### Problem description
Output the data verbatim, minus the images.

### Supplied information
■ ■ ■ ■ ■ ■ ■

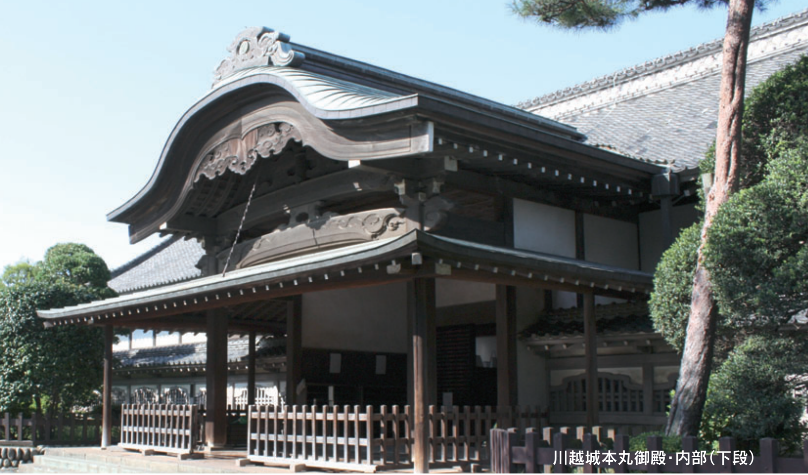
川越城本丸御殿・内部(下段)
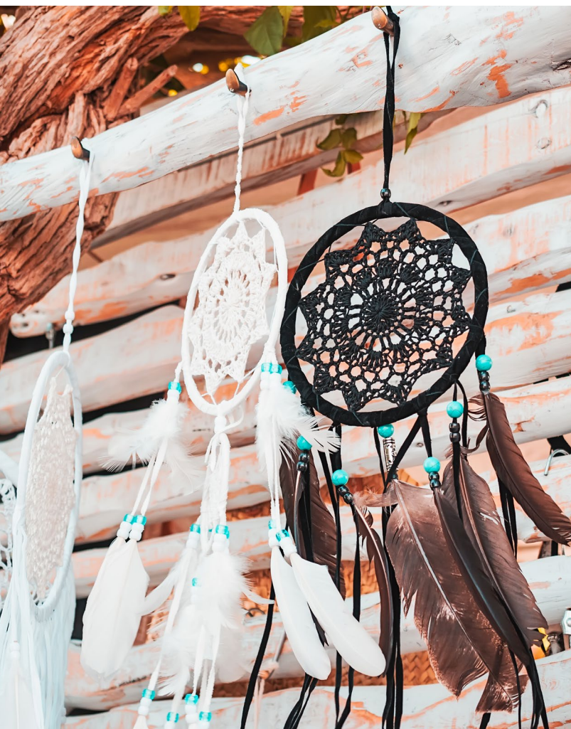
▲ LAS DALIAS 伊比萨

在马拉加（安达卢西亚）每月的第一个星期五，你可以在傍晚时分开放的 La Térmica 夜间文化步道中找到最想要的物品。服装和配饰、插图、雕刻、标志、古董、玩具、文化衍生品、音乐……这里是复古爱好者和收藏家的完美去处。此外还包括娱乐和文化：音乐会、话剧、影片放映和美食选项。这个文化空间位于Casa de la Misericordia的老建筑内。

■ ■ ■ ■ ■ ■ ■

### Task solution
川越城本丸御殿・内部(下段)
▲ LAS DALIAS 伊比萨

在马拉加（安达卢西亚）每月的第一个星期五，你可以在傍晚时分开放的 La Térmica 夜间文化步道中找到最想要的物品。服装和配饰、插图、雕刻、标志、古董、玩具、文化衍生品、音乐……这里是复古爱好者和收藏家的完美去处。此外还包括娱乐和文化：音乐会、话剧、影片放映和美食选项。这个文化空间位于Casa de la Misericordia的老建筑内。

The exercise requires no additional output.